# Low wage?



## Ozzy1990 (Jan 24, 2013)

I am from Toledo, Ohio.

Joined local 776 as a commercial/industrial wireman. I attended my first class last night and so far I am not impressed. The JW wage is only $23.97. There is only a combined total of 24 students from all 5 years. 

Is the wage so low because its the south and unions are a yankee thing or what?


----------



## rlc3854 (Dec 30, 2007)

Yes the south pays less than the north in both union and non-union work. How is the cost of living in Ohio compared to South Carolina? Did you just start in the electrical field or are you organized?


----------



## Ozzy1990 (Jan 24, 2013)

I consider my self very organized but the cost of living living in Toledo was a little less but I know there was no work.
I am only 22 FWIW.


----------



## nolabama (Oct 3, 2007)

Funniest organized comment ever.


----------



## uconduit (Jun 6, 2012)

organized means a member of a union. in an expanded sense it also means an employer or jobsite that uses union labor. 
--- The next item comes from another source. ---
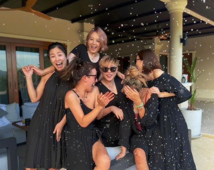 佘诗曼晒与好姐妹旅游时的合照,七魔女一起穿黑色服装亮相,皮肤好像晒黑了不少
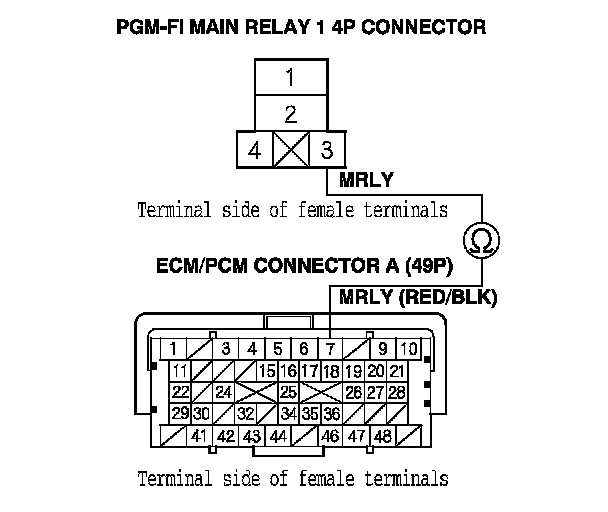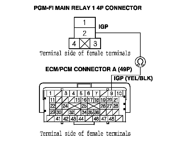 48. Check for continuity between PGM-FI main relay 2 4P connector terminal No. 2 and body ground.

if the JW rate in wherever is $23/hr, what are the non-unionized electricians getting in that area?


----------



## HARRY304E (Sep 15, 2010)

uconduit said:


> organized means a member of a union. in an expanded sense it also means an employer or jobsite that uses union labor.
> 
> if the JW rate in wherever is $23/hr, what are the non-unionized electricians getting in that area?


They are getting a lot less because they pick up the tools for that price.


----------



## ohiosparky99 (Nov 12, 2009)

You sure the rate in Toledo is only 23.00 an hour, did they bring you in as a CW/CE?


----------



## Sliver (Mar 5, 2009)

ohiosparky99 said:


> You sure the rate in Toledo is only 23.00 an hour, did they bring you in as a CW/CE?


Local 776 is in SC. South Carolina is a Right to Work (for less) state.


----------



## John Valdes (May 17, 2007)

Sliver said:


> Local 776 is in SC. South Carolina is a Right to Work (for less) state.


You hit that nail on the head. I did not know we had any locals in SC.
I would have figured Nikki Haley would have stamped out any union by now. What a c**t.


----------



## Ozzy1990 (Jan 24, 2013)

ohiosparky99 said:


> You sure the rate in Toledo is only 23.00 an hour, did they bring you in as a CW/CE?


Toledo pays $30+ for JW but work is as rare as hens teeth.


John Valdes said:


> You hit that nail on the head. I did not know we had any locals in SC.
> I would have figured Nikki Haley would have stamped out any union by now. What a c**t.


Yea, its really small. They asked me how I found about it, I said the googles of course!


----------



## Ozzy1990 (Jan 24, 2013)

FWIW I don't have any union or real on the job electrical training. I've bent some pipe and wired up my garage and basement though. I am a mechanic by trade (for now at least) until a job starts.


----------